Gluten Free Protein Pizza

Gluten Free Protein Pizza

In honor of National Pizza Day (aka our favorite holiday), we developed a special gluten free pizza crust made with SIMPLi Regenerative Organic Certified® Quinoa. This is the best gluten free pizza crust we've tried— it's crispy on the edges and soft in the middle. Perfect for those with gluten sensitivities, this crust provides a satisfying crunch and a delicious flavor that will leave you feeling full and satisfied. Besides being naturally gluten free with the addition of quinoa, this crust is also packed with protein which means you'll be getting a tasty and healthy meal that will keep you fueled all day long. Customize it by adding your favorite toppings. It's easy to make and tastes delicious!

Gluten Free Pizza Crust



    1. Start by soaking the quinoa. Cover the quinoa with at least 1" of water. Ideally, soak for 6-8 hours. If you're in a hurry, use very hot water and soak for at least 30 minutes.

    2. Once you're ready to make the crust, preheat the oven to 425ºF. Line a baking pan with parchment paper (either rectangle or square). Spray the entire surface with cooking spray.

    3. Thoroughly rinse the soaked quinoa, then add to a blender. Add the 1/4 cup of water, baking powder, salt, and olive oil. Blend on high until the batter is smooth. It should resemble a thick pancake batter.

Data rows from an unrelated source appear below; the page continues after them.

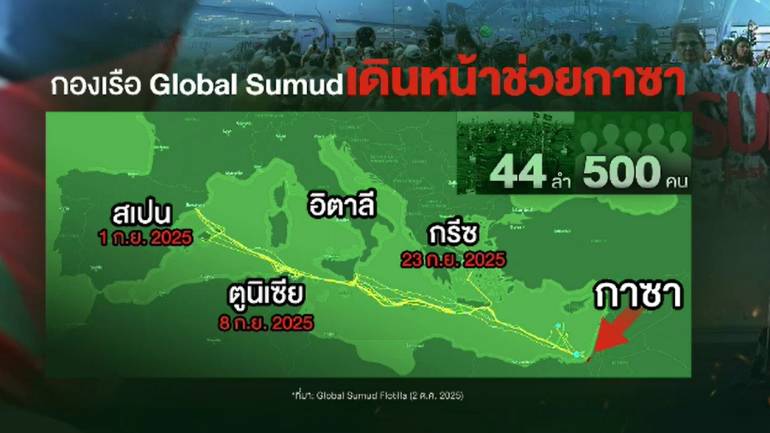 กองเรือ Global Sumud เริ่มภารกิจช่วยเหลือชาวกาซาที่กำลังเผชิญวิกฤตจากสงครามตั้งแต่ 7 ต.ค.2566 ด้วยเรือกว่า 50 ลำจากอย่างน้อย 44 ประเทศ ออกเดินทางจากท่าเรือสเปนตั้งแต่ต้นเดือน ก.ย. และแล่นผ่านหลายประเทศระหว่างทาง แต่ตลอดเส้นทาง พวกเขาเจออุปสรรคหนักหน่วง เช่น การโจมตีจากโดรนต้องสงสัยใกล้เกาะมอลตาและครีตของกรีซ จนเรือบางลำเสียหายและต้องถอนตัว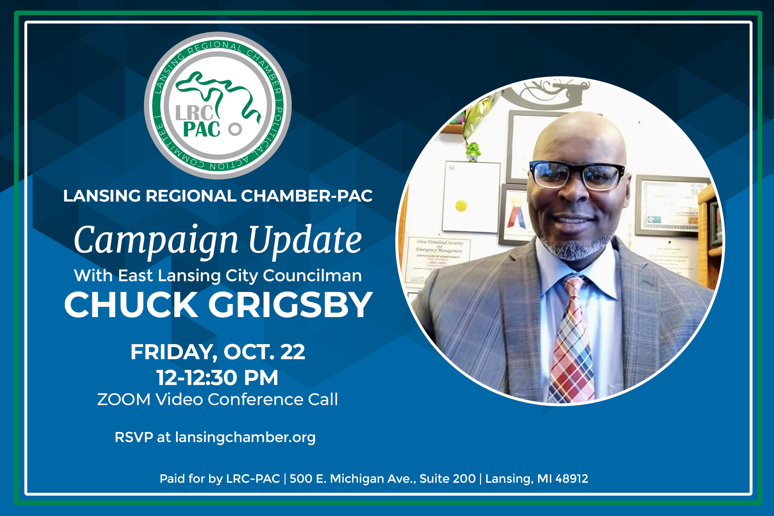 Join us for a virtual campaign update with East Lansing City Councilman Chuck Grigsby on Friday, Oct. 22 from noon to 12:30 p.m. Register to receive your ZOOM link.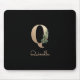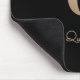 O mouse preto elegante apresenta um monograma botânico dourado no centro.

    4. Pour batter onto the prepared pan. Spread it out into an even layer, about 1/8" thick (again, either in a circular pan like a 9" cake pan OR into a rectangular traditional cookie sheet).

    5. Bake for 20 minutes, then remove the quinoa pizza crust, flip it directly onto the baking pan (flip and remove the parchment paper from the top side). Return the pizza to the oven baking for another 10-15 minutes until it starts to brown and the edges crisp up.

    6. Remove and top with sauce, cheese, and any other toppings you'd like. Bake for another 12-15 minutes until the cheese melts.

    7. Remove and let cool for a few minutes in the pan. Then, transfer to a cutting board and slice. Garnish with herbs, pepper flakes, grated cheese, etc., and serve immediately!

      Quinoa GF Pizza Crust


      • Remove any excess moisture from the cooked quinoa before mixing in the dough.

      • Limit the amount of toppings you add to the quinoa crust.

      • Avoid any toppings with with high water content. For example: tomatoes and zucchini. If you want to include those toppings, cook them separately and add them when serving.

      • Flip the crust and bake again before adding the toppings to get an extra crispy crust!